Here’s a progression:
We can also blur and unblur!
Did the sharpening reduce the blur in the original image too? Hard to tell. We can see what happens if we just try to sharpen the original image, without the blur:
The answer: No, the original blur didn’t decrease. It actually increased, since the blur effect edges got sharper. Isn’t the paradoxical!
Part 2.2: Hybrid Imaging
The human eye perceives frequencies differently depending on where they are observed. At close distances, we are able to see high frequencies very well; however, as we step away, the human eye is less perceptive at spotting high frequencies, and it leads to us using the low frequencies to fill in the gaps! In each of these photos, watch as the high frequency component disappears as you step away, and the low frequency component dominates.
Here, we align the images, apply gaussian and the laplacian of the gaussian to yield high and low frequency images. We then add them together.
Bells and Whistle:
Let’s try to combine with color with various permutations.
You can’t really tell very well from these images, given that the cat’s color is brown/gray and so it’s close to the high frequency image to begin with, but subjectively, it seems like color is the way to go.
Additional Images:
One of the best small LLM’s on the market is Starling-7B! It competes with GPT-4o with so many fewer of parameters. Here we combine the two founders, Jiantao Jiao (126 prof! Bottom Left) and Jian Zhang (Stanford Prof! Top Left):
Close up you will see Jianto, as the middle image shows. Far away you will see Jian, as the right image shows.

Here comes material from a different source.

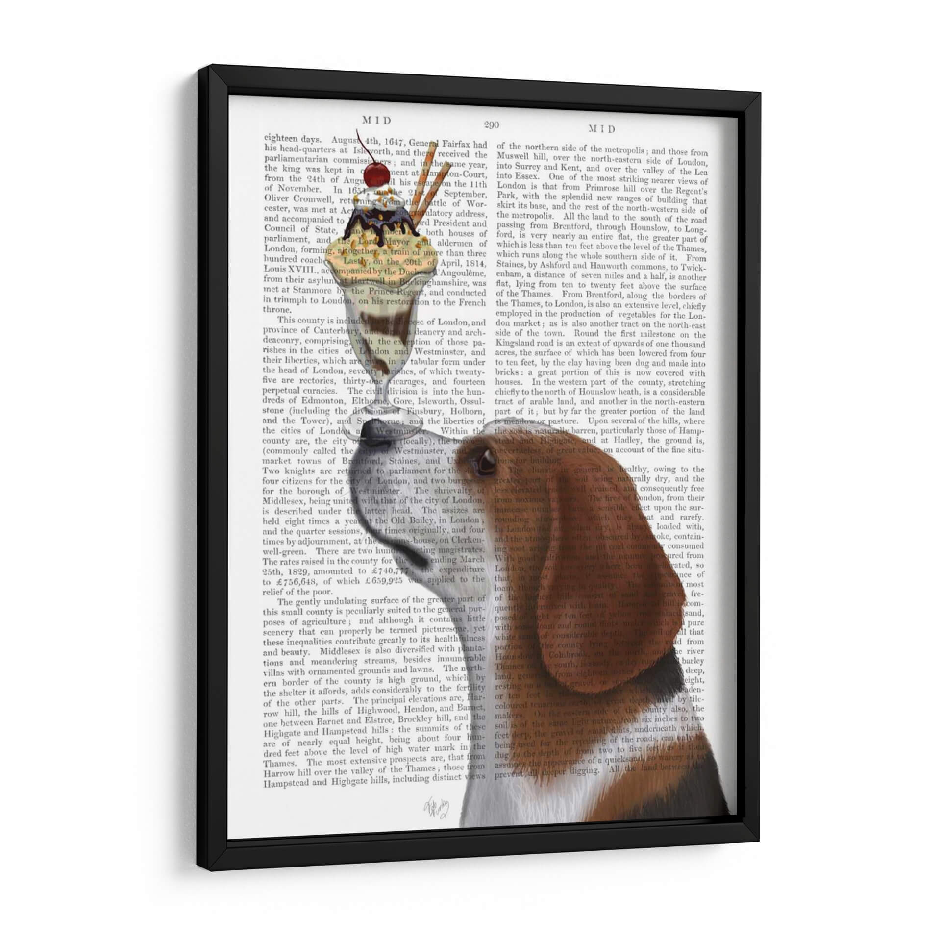 Añade un toque de originalidad y ternura a tu hogar con nuestro exclusivo cuadro decorativo 'Helado de Beagle'. Esta obra de arte, que fusiona la inocencia de un beagle con la dulzura de un postre, es una creación vibrante y llena de personalidad del artista Fab Funky. La composición presenta a un encantador beagle adoptando una forma similar a un helado, coronado con cerezas, sobre un fondo de texto antiguo, creando un contraste visual fascinante. Los colores cálidos y los detalles juguetones de esta pieza la convierten en el punto focal perfecto para cualquier habitación, desde la sala de estar hasta un espacio de trabajo creativo. Es ideal para amantes de los perros, coleccionistas de arte peculiar y cualquiera que busque una decoración de pared que despierte sonrisas y conversaciones. Este cuadro no solo embellece tus paredes, sino que también infunde alegría y un aire de sofisticación desenfadada en tu ambiente. Transforma tu espacio con esta pieza única que combina arte contemporáneo y un concepto deliciosamente original.

We can also try my favorite, Raccoon and Cat, with the mix in the middle, and how you would see the raccoon from far away (lean back for optimal effect)!
And here are the various furrier components of this image:
Here’s a failure. I try to blend my friend (who’s voice kind of sounds like Batman) and the real Batman. Unfortunately, because of the distinctness of Batman’s mask (ie: triangular nose, pointy ears, distinct eyes) it is unable to properly blend with my friend. Here, |K| is the size of the Gaussian Kernel, and Sig is the sigma value for it.

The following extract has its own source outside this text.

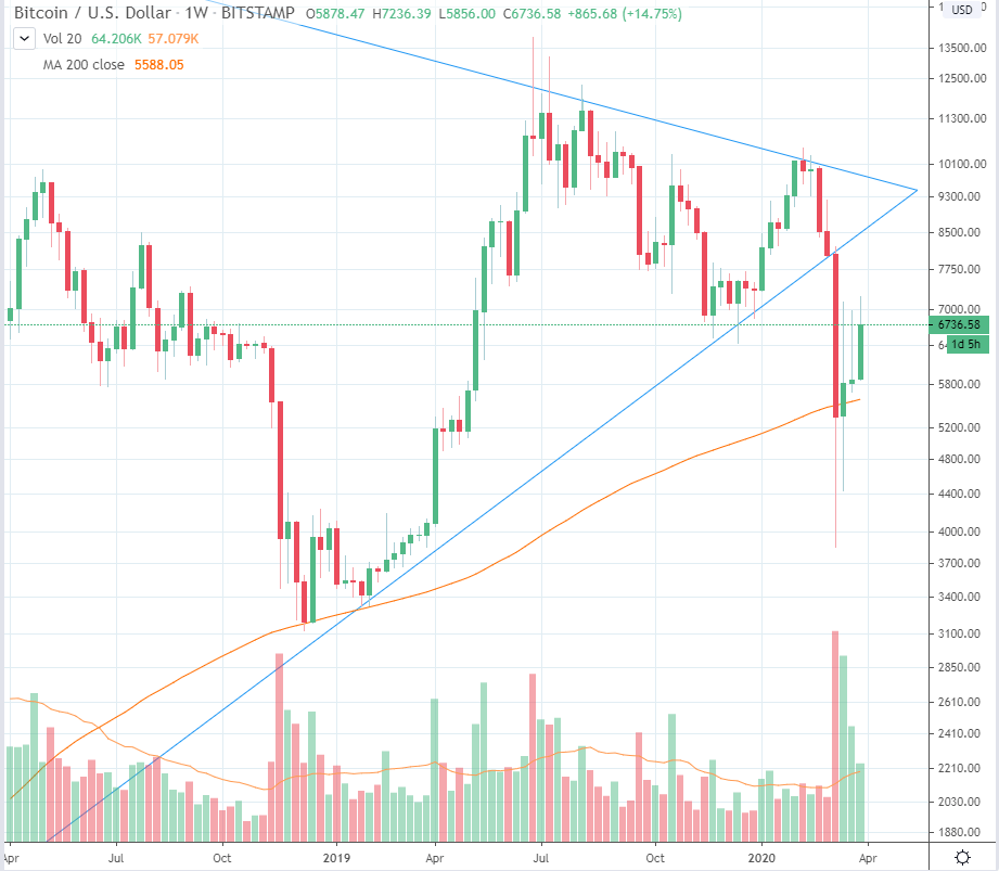 Of er volgt een enorme groene candle richting 8.400 (onderkant driehoek) in de komende 2-3 dagen of de 5.600 (200 MA) wordt opnieuw opgezocht. Aangezien het vrijdagmiddag / nagenoeg weekend is verwacht ik de positieve variant hiervan, maar goed om je plan voor beide opties (Bijv: Buy >7200, sell <8400 of inkopen rond de 5650) paraat te hebben en de orders daarop in te stellen. Tenzij je hodlt uiteraard....Tominatie schreef op vrijdag 3 april 2020 @ 14:01:

A False Dichotomy (Another Bell and Whistle): Hybrids of More than One Image
Suppose we want to display more than 2 images on a plot. One might attempt to extend the natural high and low frequency plots to a series of bands of frequencies where each image may “reside.”
To perform this natural extension of the previous part, we apply the Fourier Transform, isolate the a specific frequency for each image, and the convert it back using the Inverse Fourier Transform. Let’s see this!
Frequencies between 25 and 60:
Frequencies above 45:
Frequencies below 30
Combining:
As you can see, as you shrink, different layers can be observed at different points. In the top one, the third image is very visible. In the middle, the third image is less visible, and the first two are very visible. In the bottom image, only the first image is visible!
Part 2.3/2.4: Image Blending
Suppose we wanted to make an Orapple from combining an apple and orange:
To start, we develop Gaussian and Laplacian Stacks, which consist of repeat applications of the Gaussian Kernel Convolution and the original image minus this convolution, respectively. This yields:
We can recreate the stack from Burt & Addleson with a binary mask (pictured on left):
At each level, the combined image looks like:
Summing them together we get the Orapple! Or maybe the Apprange
Now, we can experiment with some of our own masks!
TOTOBRON:
Can we blend Totoro on a branch with the GOAT?
Starry Night At Berkeley
What Did I Learn?
I got a pretty in depth understanding of filters and frequencies — specifically, low and high pass filters. Most importantly I got an intuitive understanding about how changing the sigma and number of Guassians impacts filtration.